Six voix de l’Opéra-Studio de l’OnR se chargent des rôles dits secondaires, parmi lesquelles on applaudit l’Ygraine de Rocío Pérez, la Bellangère gracile de Lamia Beuque et l’attachant Mélisande de Gaëlle Alix. À leurs côté, la comédienne Delia Sepulcre Nativi insuffle ce qu’il faut de peur fruste à la sauvageonne Alladine. Côté messieurs, le timbre bien accroché de Peter Kirk (Deuxième paysan) convainc, la fermeté d’émission de David Oller (Troisième paysan) séduit tandis qu’émeut la délicate autorité vocale de Jarosław Kitala – « vrai, vous étiez trop belle… ». Marc Barrard donne loyalement les quelques notes de Barbe-Bleue. Annoncée souffrante, l’Ariane de Jeanne-Michèle Charbonnet invite la plume au silence, comme il convient, quand la Nourrice, non prétendue en méforme, ne satisfait pas. Le mezzo-soprano riche d’Aline Martin sert luxueusement le rôle de Sélysette.

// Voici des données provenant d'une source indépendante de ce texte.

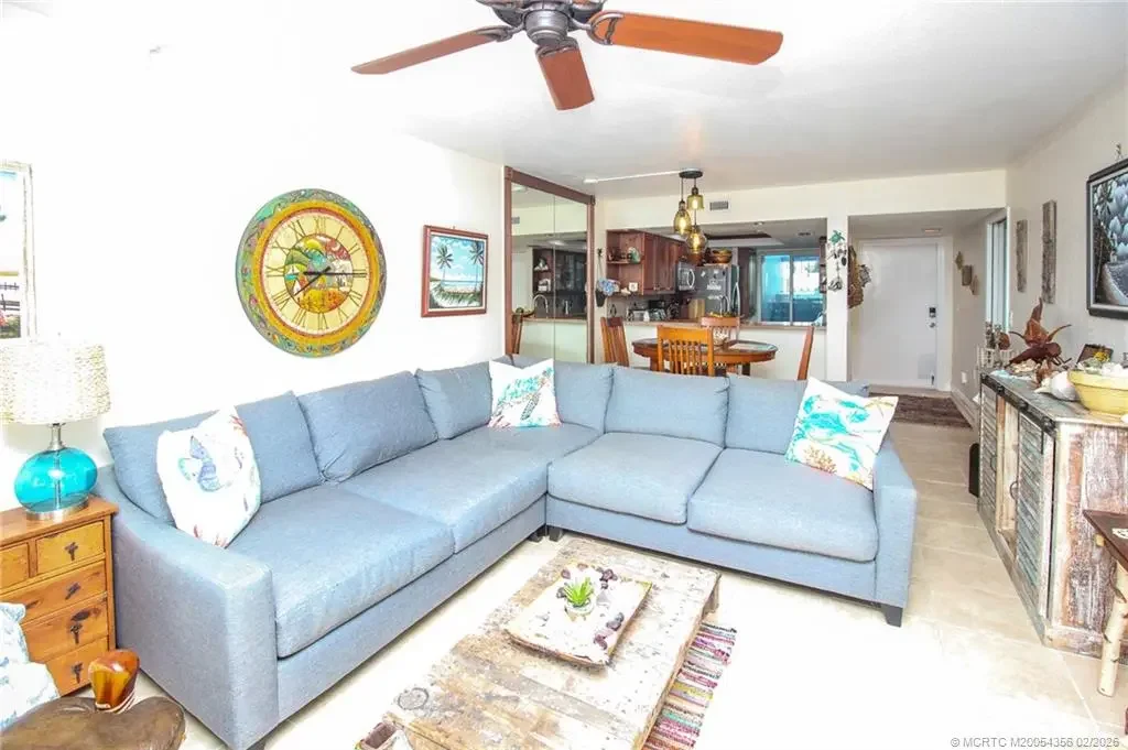 Experience coastal living in this fully renovated waterfront condominium on Hutchinson Island. This split-plan 2BR/2BA features rich wood cabinetry, granite countertops, stainless steel appliances, and tile flooring throughout. Enjoy wide Intracoastal views and breathtaking sunsets from your screened balcony. A boater’s paradise with 5 heated pools, tennis and pickleball courts, private beach access, and kayak storage. Impact glass windows, new front door, accordion shutters on the balcony and a 2025 A/C for peace of mind. Boat slips may be rented at $1.50/linear foot per month plus $500 annually based on availability. Ideally located just minutes from downtown Stuart’s dining, shopping, and charm—perfect for year-round living or a relaxing retreat.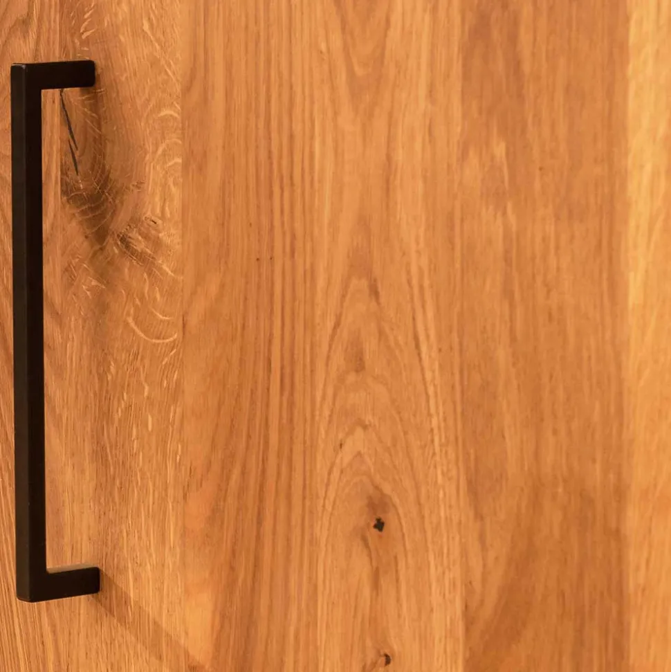 Dieses Sideboard verbindet das angesagte Skandi-Design mit hochwertigen Materialien wie Wildeiche Massivholz und Stahl. Die natürlich geölten Holzoberflächen mit durchgehenden Lamellen verleihen dem Sideboard ein zeitloses Erscheinungsbild und machen es zu einem Blickfang in jedem Wohnraum.

Passé les désagréables surprises d’un bruitage en haut-parleurs, quand il paraît plus judicieux de faire confiance à l’écriture orchestrale de Dukas pour planter le décor du conte, et d’un Chœur « maison » à la diction improbable, on goûte le travail nuancé de la fosse, Daniele Callegari ciselant dans une expressivité minutieuse les forces en progrès, quoiqu’encore perfectibles, de l’Orchestre symphonique de Mulhouse.